A dimension is something that qualifies a quantity (measure).
If I just say… “20kg”, it does not mean anything. But 20kg of Rice (Product) is sold to Ramesh (customer) on 5th April (date), gives a meaningful sense. These product, customer and dates are some dimension that qualified the measure. Dimensions are mutually independent.
Technically speaking, a dimension is a data element that categorizes each item in a data set into non-overlapping regions.

What is fact?

A fact is something that is quantifiable (Or measurable). Facts are typically (but not always) numerical values that can be aggregated.

What are additive, semi-additive and non-additive measures?

Non-additive measures are those which can not be used inside any numeric aggregation function (e.g. SUM(), AVG() etc.). One example of non-additive fact is any kind of ratio or percentage. Example, 5% profit margin, revenue to asset ratio etc. A non-numerical data can also be a non-additive measure when that data is stored in fact tables.
Semi-additive measures are those where only a subset of aggregation function can be applied. Let’s say account balance. A sum() function on balance does not give a useful result but max() or min() balance might be useful. Consider price rate or currency rate. Sum is meaningless on rate; however, average function might be useful.
Additive measures can be used with any aggregation function like Sum(), Avg() etc. Example is Sales Quantity etc.

What is Star-schema?

This schema is used in data warehouse models where one centralized fact table references number of dimension tables so as the keys (primary key) from all the dimension tables flow into the fact table (as foreign key) where measures are stored. This entity-relationship diagram looks like a star, hence the name.
Consider a fact table that stores sales quantity for each product and customer on a certain time. Sales quantity will be the measure here and keys from customer, product and time dimension tables will flow into the fact table.
A star-schema is a special case of snow-flake schema.

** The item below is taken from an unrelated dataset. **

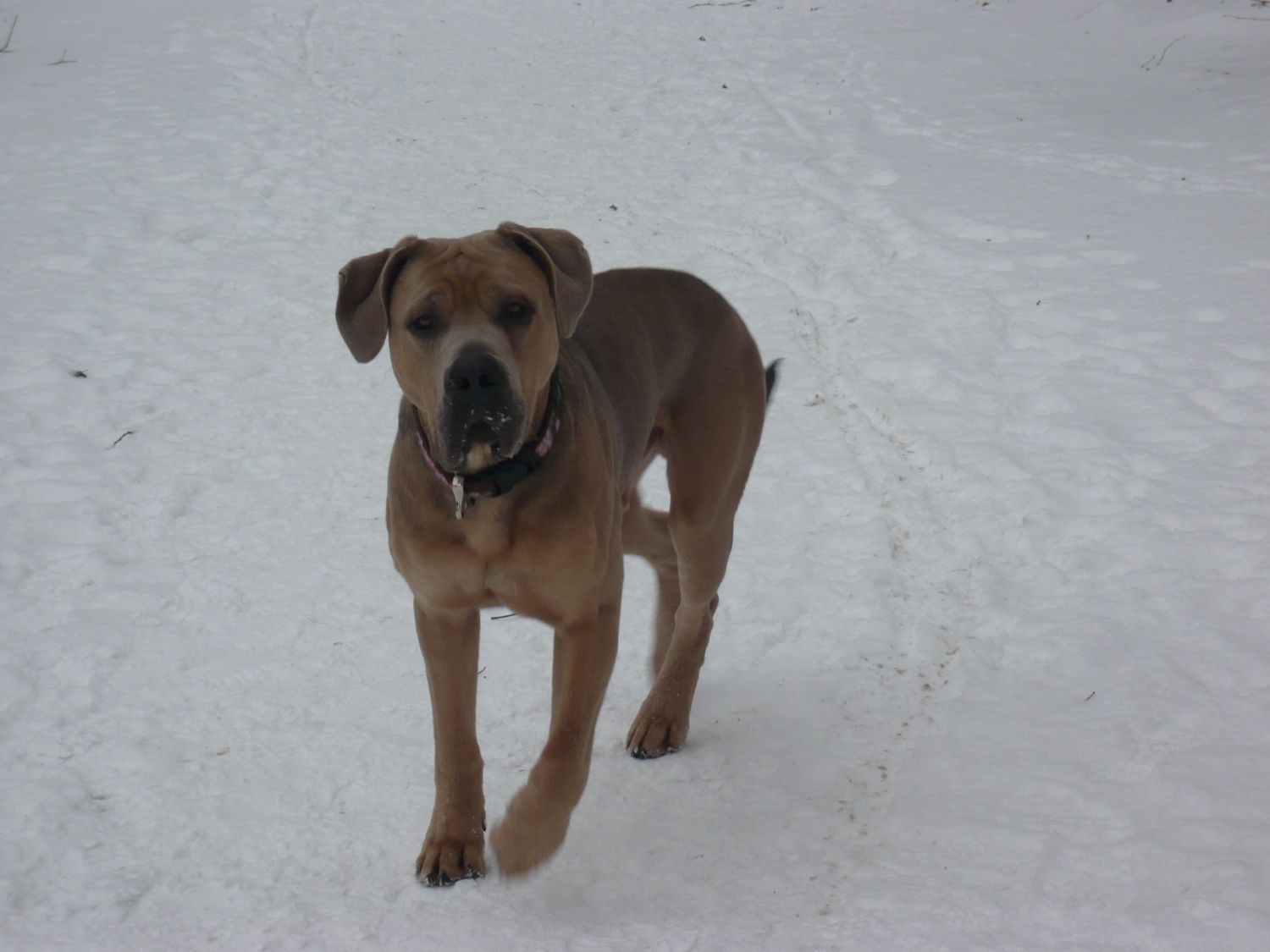 Noch führe ich ihn und ich hoffe, dass es so bleibt Wenn er schon mal unverhofft in die Leine geht, ist es nicht sehr angenehm...hält sich aber im Rahmen, Gott sei Dank

What is snow-flake schema?

This is another logical arrangement of tables in dimensional modeling where a centralized fact table references number of other dimension tables; however, those dimension tables are further normalized into multiple related tables.
Consider a fact table that stores sales quantity for each product and customer on a certain time. Sales quantity will be the measure here and keys from customer, product and time dimension tables will flow into the fact table. Additionally all the products can be further grouped under different product families stored in a different table so that primary key of product family tables also goes into the product table as a foreign key. Such construct will be called a snow-flake schema as product table is further snow-flaked into product family.
Note
Snow-flake increases degree of normalization in the design.

What are the different types of dimension?

In a data warehouse model, dimension can be of following types,
1. Conformed Dimension
2. Junk Dimension
3. Degenerated Dimension
4. Role Playing Dimension
Based on how frequently the data inside a dimension changes, we can further classify dimension as
1. Unchanging or static dimension (UCD)
2. Slowly changing dimension (SCD)
3. Rapidly changing Dimension (RCD)

What is a 'Conformed Dimension'?

A conformed dimension is the dimension that is shared across multiple subject area. Consider 'Customer' dimension. Both marketing and sales department may use the same customer dimension table in their reports. Similarly, a 'Time' or 'Date' dimension will be shared by different subject areas. These dimensions are conformed dimension.
Theoretically, two dimensions which are either identical or strict mathematical subsets of one another are said to be conformed.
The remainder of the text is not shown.